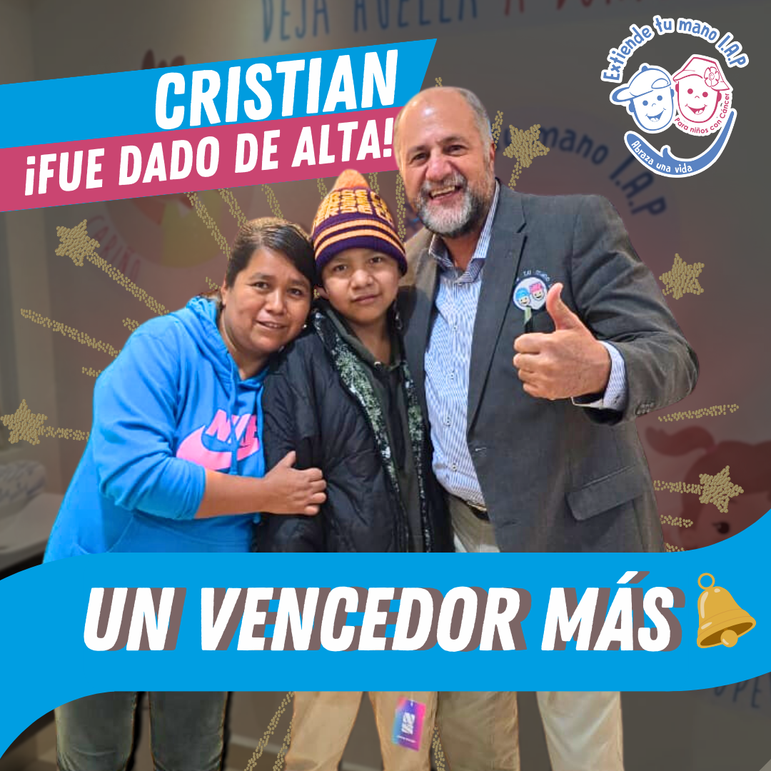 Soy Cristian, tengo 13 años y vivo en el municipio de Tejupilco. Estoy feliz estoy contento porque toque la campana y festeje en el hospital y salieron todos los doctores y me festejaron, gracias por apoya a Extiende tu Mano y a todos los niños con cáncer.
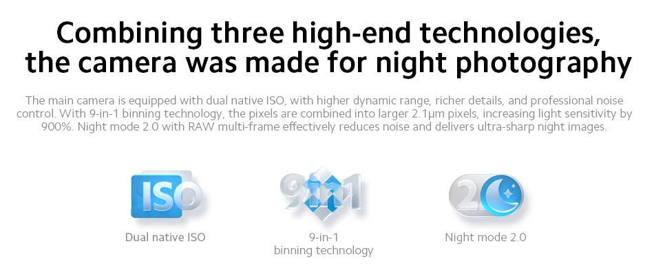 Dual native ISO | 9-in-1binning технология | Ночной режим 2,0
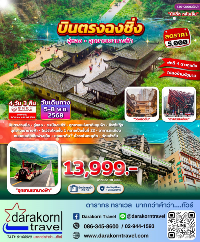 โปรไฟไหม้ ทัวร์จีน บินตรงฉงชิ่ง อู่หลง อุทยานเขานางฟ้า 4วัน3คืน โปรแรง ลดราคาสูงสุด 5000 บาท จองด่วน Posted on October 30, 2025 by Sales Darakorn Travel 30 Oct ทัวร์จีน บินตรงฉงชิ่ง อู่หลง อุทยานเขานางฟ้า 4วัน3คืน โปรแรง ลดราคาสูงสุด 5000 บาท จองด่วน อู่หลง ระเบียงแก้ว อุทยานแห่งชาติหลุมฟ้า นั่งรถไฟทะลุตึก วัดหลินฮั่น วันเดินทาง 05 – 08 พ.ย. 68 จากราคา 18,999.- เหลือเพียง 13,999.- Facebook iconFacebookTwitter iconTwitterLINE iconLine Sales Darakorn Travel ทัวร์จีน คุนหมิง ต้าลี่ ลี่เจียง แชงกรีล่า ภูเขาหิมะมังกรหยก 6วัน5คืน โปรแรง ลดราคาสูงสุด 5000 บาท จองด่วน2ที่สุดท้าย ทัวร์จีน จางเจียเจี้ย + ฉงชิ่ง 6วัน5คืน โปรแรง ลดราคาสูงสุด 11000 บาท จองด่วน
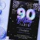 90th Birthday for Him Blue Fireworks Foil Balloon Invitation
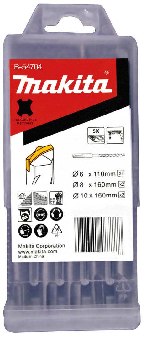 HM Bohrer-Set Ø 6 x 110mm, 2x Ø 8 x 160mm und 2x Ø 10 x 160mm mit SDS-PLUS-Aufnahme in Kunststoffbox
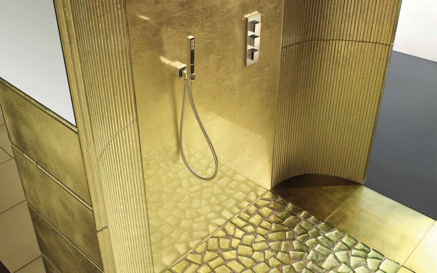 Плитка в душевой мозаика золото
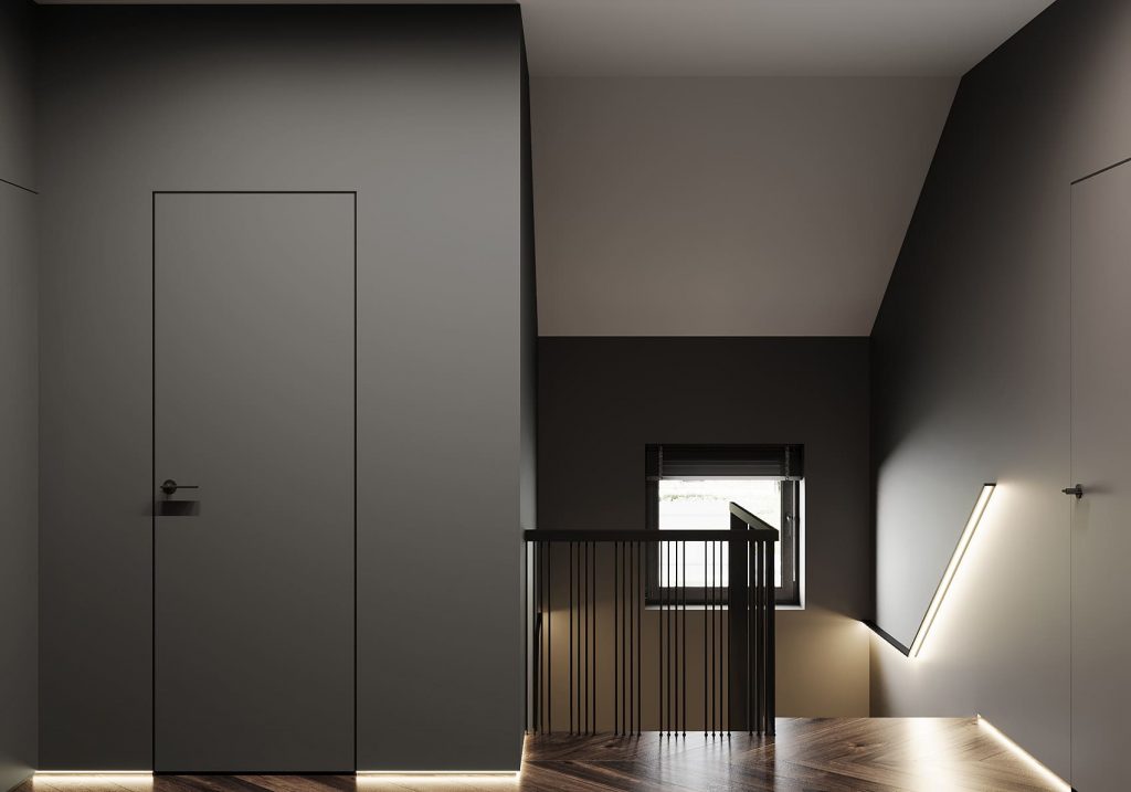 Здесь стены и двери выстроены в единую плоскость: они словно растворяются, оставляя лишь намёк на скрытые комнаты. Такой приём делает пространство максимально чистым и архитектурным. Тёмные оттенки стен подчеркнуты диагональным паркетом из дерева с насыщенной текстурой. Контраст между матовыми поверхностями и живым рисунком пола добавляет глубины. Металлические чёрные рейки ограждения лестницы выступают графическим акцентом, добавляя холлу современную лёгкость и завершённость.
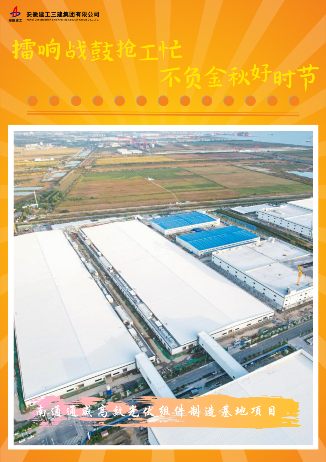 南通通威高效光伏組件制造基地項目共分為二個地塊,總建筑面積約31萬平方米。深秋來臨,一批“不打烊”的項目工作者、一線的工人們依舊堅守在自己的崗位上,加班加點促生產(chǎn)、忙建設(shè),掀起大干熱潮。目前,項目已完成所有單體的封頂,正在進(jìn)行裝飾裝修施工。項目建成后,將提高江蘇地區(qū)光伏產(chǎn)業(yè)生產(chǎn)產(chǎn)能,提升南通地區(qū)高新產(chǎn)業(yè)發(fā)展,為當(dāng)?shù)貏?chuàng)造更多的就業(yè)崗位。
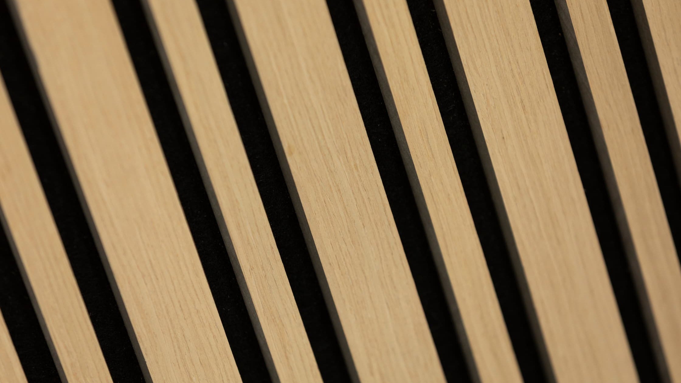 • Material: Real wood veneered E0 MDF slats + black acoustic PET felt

- Task instructions
A word-for-word copy of the records is needed, with no pictures carried over.

- Written answer
 Soy Cristian, tengo 13 años y vivo en el municipio de Tejupilco. Estoy feliz estoy contento porque toque la campana y festeje en el hospital y salieron todos los doctores y me festejaron, gracias por apoya a Extiende tu Mano y a todos los niños con cáncer.
 Dual native ISO | 9-in-1binning технология | Ночной режим 2,0
 โปรไฟไหม้ ทัวร์จีน บินตรงฉงชิ่ง อู่หลง อุทยานเขานางฟ้า 4วัน3คืน โปรแรง ลดราคาสูงสุด 5000 บาท จองด่วน Posted on October 30, 2025 by Sales Darakorn Travel 30 Oct ทัวร์จีน บินตรงฉงชิ่ง อู่หลง อุทยานเขานางฟ้า 4วัน3คืน โปรแรง ลดราคาสูงสุด 5000 บาท จองด่วน อู่หลง ระเบียงแก้ว อุทยานแห่งชาติหลุมฟ้า นั่งรถไฟทะลุตึก วัดหลินฮั่น วันเดินทาง 05 – 08 พ.ย. 68 จากราคา 18,999.- เหลือเพียง 13,999.- Facebook iconFacebookTwitter iconTwitterLINE iconLine Sales Darakorn Travel ทัวร์จีน คุนหมิง ต้าลี่ ลี่เจียง แชงกรีล่า ภูเขาหิมะมังกรหยก 6วัน5คืน โปรแรง ลดราคาสูงสุด 5000 บาท จองด่วน2ที่สุดท้าย ทัวร์จีน จางเจียเจี้ย + ฉงชิ่ง 6วัน5คืน โปรแรง ลดราคาสูงสุด 11000 บาท จองด่วน
 90th Birthday for Him Blue Fireworks Foil Balloon Invitation
 HM Bohrer-Set Ø 6 x 110mm, 2x Ø 8 x 160mm und 2x Ø 10 x 160mm mit SDS-PLUS-Aufnahme in Kunststoffbox
 Плитка в душевой мозаика золото
 Здесь стены и двери выстроены в единую плоскость: они словно растворяются, оставляя лишь намёк на скрытые комнаты. Такой приём делает пространство максимально чистым и архитектурным. Тёмные оттенки стен подчеркнуты диагональным паркетом из дерева с насыщенной текстурой. Контраст между матовыми поверхностями и живым рисунком пола добавляет глубины. Металлические чёрные рейки ограждения лестницы выступают графическим акцентом, добавляя холлу современную лёгкость и завершённость.
 南通通威高效光伏組件制造基地項目共分為二個地塊,總建筑面積約31萬平方米。深秋來臨,一批“不打烊”的項目工作者、一線的工人們依舊堅守在自己的崗位上,加班加點促生產(chǎn)、忙建設(shè),掀起大干熱潮。目前,項目已完成所有單體的封頂,正在進(jìn)行裝飾裝修施工。項目建成后,將提高江蘇地區(qū)光伏產(chǎn)業(yè)生產(chǎn)產(chǎn)能,提升南通地區(qū)高新產(chǎn)業(yè)發(fā)展,為當(dāng)?shù)貏?chuàng)造更多的就業(yè)崗位。
 • Material: Real wood veneered E0 MDF slats + black acoustic PET felt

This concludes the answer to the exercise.